I wish I could hype myself up, get myself to believe that it will be challenging but fun nonetheless like I did freshman year of undergrad. The most recent semester felt like a constant state of being run over, and I can’t stand the thought of that happening again with an added hour commute, alien terrain, and monthly bills on top of it all.

But God has worked me through self-worth issues, an arduous path of personal betterment, and classes that I thought would be the death of me. He has led me into things I never would have thought I’d have the heart or the courage for. He encouraged me in the science route for undergrad, challenged my obsession with writing, pointed me toward professional storytelling the moment I pried my hands off what I thought I wanted for a career. He saw me through 2.5 years of a sport my family couldn’t afford. He found me a good car for under $2000 that I really should have paid a lot more for.

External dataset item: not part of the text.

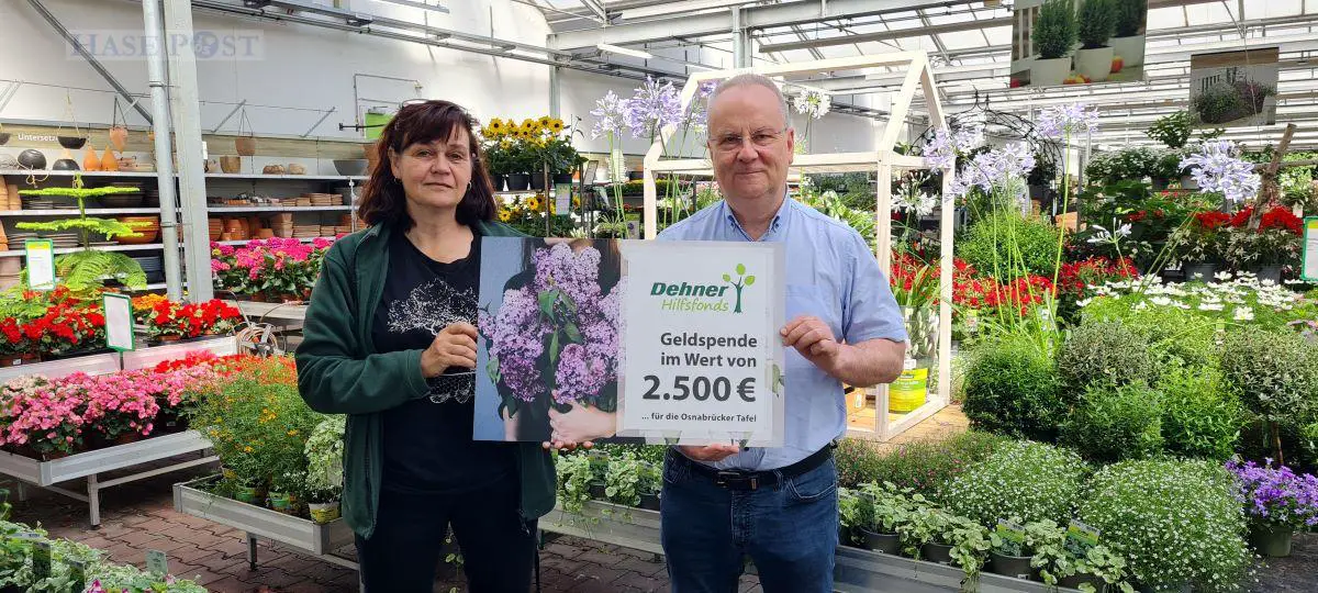 Der „Dehner Hilfsfonds für Menschen in Not“ unterstützt dieses Jahr die Osnabrücker Tafel mit 2.500 Euro. Die Spende ist Teil einer Hilfsaktion für Tafeln und andere soziale Organisationen in ganz Deutschland und Österreich. Die gemeinnützige Initiative der größten Garten-Center-Gruppe Europas zieht damit ihre alljährliche Weihnachts-Spendenaktion vor.

If He can pull off all He’s already done for my family and me in my short 22 years of existence, I think He can get me a job and an apartment in the Bay Area.

As much as I complain in this anxious, listless limbo, I still believe it will work out.

Because there’s still a part of me that leans toward naïve optimism out of a deep sense of necessity. As cynical and burnt out as I still am from the last four years (which really were a good 4 years), and as this move is becoming more and more complicated (impossible housing market, losing a roommate, car trouble, etc. etc. etc.), the interface between logic and faith as I understand it demands I recognize the need to look for the bright side of things. To not lose hope in optimism and the excitement of new seasons realized. To above all look to the God who has proven Himself faithful countless times over.